Purple Art

[March 21 2019]

Giasco Bertoli’s “The Queen Is Dead” Exhibition at Galerie Mannerheim, Paris

Giasco Bertoli’s photographs of cassettes tapes are the kinship charts of once-shared memories. A home-made cassette served as a religious-like token that connected people. These photographs link these once-shared associations, music’s name performers, grooves, and styles. They are now the grave markers of a short-lived tradition. The photographs are memory images; they need to be read for the performances they contain.

Small audio-cassette players and recorders were introduced in 1963. Players were made for cars in 1968. In 1979, the Sony Walkman came out, using ear phones. Compact audio cassettes came 30-, 45-, 60-, and 120-minute durations. These little objects, the shape of a credit card, the thickness of a tiny pack of cigarettes, were given as gifts, traded, copied, and recopied. Their very invention antiquated radio’s distracting ads and vinyl record’s necessary home listening and the limit of 22-minutes per side. Compact Cassettes made possible the home-made playlist.

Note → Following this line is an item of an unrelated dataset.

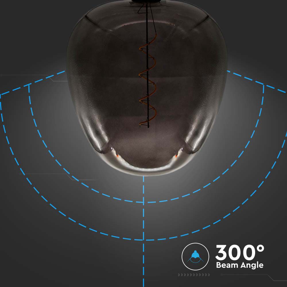 Designer Glühbirne von V-TAC, Modell VT-2263, 4 Watt, ideal für dekorative Beleuchtung. Die Glühbirne bietet einen Abstrahlwinkel von 300° und einen hohen Farbwiedergabeindex von über 80. Mit einer Lebensdauer von 20.000 Stunden und einer Garantie von 2 Jahren ist sie eine zuverlässige Wahl. Die Maße betragen 195 mm in der Länge, 190 mm in der Breite und 280 mm in der Höhe bei einem Gewicht von 0,56 kg. Eigenschaften: stabile LED-Filament-Technologie, kein Flimmern, keine UV-Strahlung, kein Quecksilber.

Even longer-duration Compact Discs entered the market in 1982 — the mini-discs joined the competition in 1992, discontinued in 2013. Computer technology increased duration. I met a kid who had a 30,000 item playlist—1500 hours or nine weeks of steady listening, enough for deep-space flight or a steady-stream loop. The madness of such duration might be why the humanist vinyl record album has returned, which are softer in atmosphere and timed for listening rather than as sonic décor or to dance to the relentless 120 BPMs one hears today.

Between 1970 and 2000, home recorded and the pre-recorded Compact Cassettes turned pedestrians, drivers, and travelers into soundscape submariners. Giasco Bertoli—a DJ to his friends—made many playlists: ballads, rock, the ’90s, the 2000s, the songs and albums he and his cohorts played. I have them in my car; they are my most repeatedly listenable and asked for playlists.

 Giasco Bertoli’s photography—his portraits and fashion shoots, but especially his series of Tennis Courts, empty or abandoned—enshrine the architecture of formalized experience. The cassette photographs memorialize a technology that evolved into a means to share recorded music. Cassettes were the portable icons of this musical kinships. His photographs retrace a former practice.

“The Queen Is Dead” is on view until April 6th at Galerie Mannerheim, Paris.